● **Data provided**:

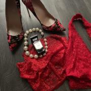 Po hodině jsem myslela, že se mi zatočí hlava... byla v tom palčivá touha to všechno smýt. Ale je to Ford... no, to přece nemůže být tak jednoduché... Dokonce jsem si prohlédla všechny parfémové výtvory (Ford má 3), abych se do něčeho takového znovu nepustila... Jsem vytrvalá, vydržela jsem 6 hodin - pořád to samé, vůně se nemění. Žádné koření, žádná hra, jeden jasmín-čaj, čaj-jasmín! Přišly mi asociace s Gutalevskou konvalinkou, která je taková mono a rok a půl stála netknutá a tady jsem ji konečně před měsícem dala mladé neteři (zbavila se jí), no vůně mládí, čistoty a nelíbí se mi, a tady zase taková .....Nebo na to, abyste si ji oblékli, potřebujete aspoň červené šaty do patra a hedvábí a šperky neméně než diamanty, aby to neznělo, s prominutím, vulgárně... rozčílila jsem se, chci tomu rozumět, chci koření, nevěřím, že je to tak snadné, šla jsem a stříkla na kartáč shora a druhý natřela až do horkého (nikdy to tak nedělala)... a co tady začalo... zapomněla jsem na všechno na světě. Řekněte mi, viděl někdo někdy červený jasmín? Já ne, ale ten Fordův je červený! Není to prostý a naivní jasmín, je to král barev a říká to jasně... Jsem růže, nic méně! A žena v něm je stejně jasná, žádoucí, vždycky v červené, šíleně krásná, přivádí mě k šílenství... ale ne rozmarná, jako růže, něžná - stačí mi podat ruku a jsem tvoje, vůbec ne pichlavá! Ale takové je třeba dosáhnout (je to velmi drahá žena), zapálit oheň a pak......Aroma-volání k mužskému pohlaví...V něm by to chtělo na španělský večírek a krátké šaty s vlečkou, rudou růži ve vlasech (a možná i v zubech) a s kastanětami: tam-tam-tam-tam-tam...tarara-ra-ra-ra...tam-tam-tam-tam:-).
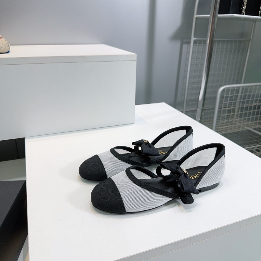 CHANEL FLAT MARY JANE SHOES 25S IN WHITE MIX BLACK MESH FABRIC EMBOSSED LOGO WITH BOW
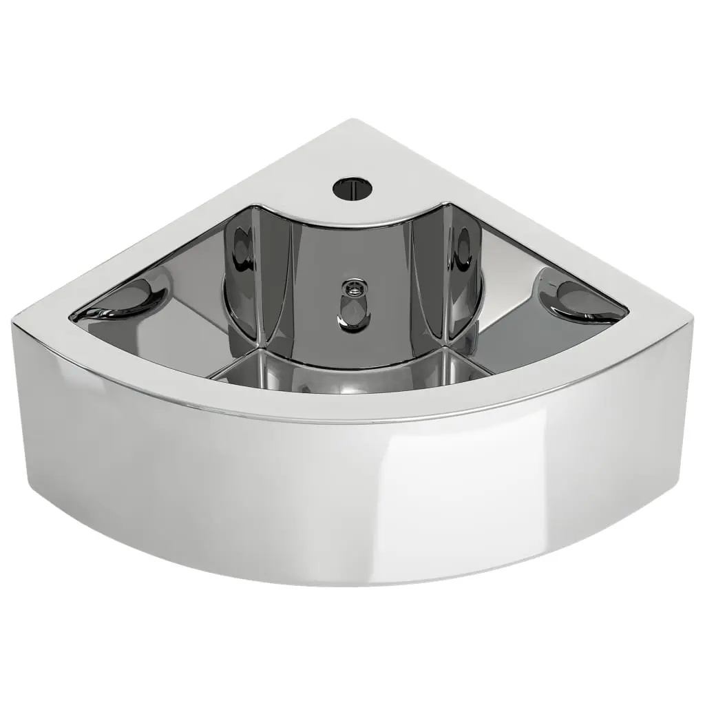 Made of ceramic, this corner basin will be a chic and timeless addition to any bathroom, washroom, cloakroom or powder room. The washroom basin can not only serve as vessel for daily use, but also an adornment in your living space. Thanks to its trendsetting and contemporary design with a silver shiny colour, this wash basin will definitely suit any decor. Made of ceramic, the sink is considerably easy to clean. Additionally, its high gloss finish adds a charming touch to this bathroom basin. Equipped with an overflow, this basin will effectively flow water out when it gets too full. The basin has a faucet hole for installing a tap. Please note that the tap and the drain are not included in delivery.

● **Work required**: Starting at the line that holds "CHANEL FLAT MARY", copy each line exactly through the end of the material above, keeping both ends and dropping the pictures.

● **Result for this task**:
 CHANEL FLAT MARY JANE SHOES 25S IN WHITE MIX BLACK MESH FABRIC EMBOSSED LOGO WITH BOW
 Made of ceramic, this corner basin will be a chic and timeless addition to any bathroom, washroom, cloakroom or powder room. The washroom basin can not only serve as vessel for daily use, but also an adornment in your living space. Thanks to its trendsetting and contemporary design with a silver shiny colour, this wash basin will definitely suit any decor. Made of ceramic, the sink is considerably easy to clean. Additionally, its high gloss finish adds a charming touch to this bathroom basin. Equipped with an overflow, this basin will effectively flow water out when it gets too full. The basin has a faucet hole for installing a tap. Please note that the tap and the drain are not included in delivery.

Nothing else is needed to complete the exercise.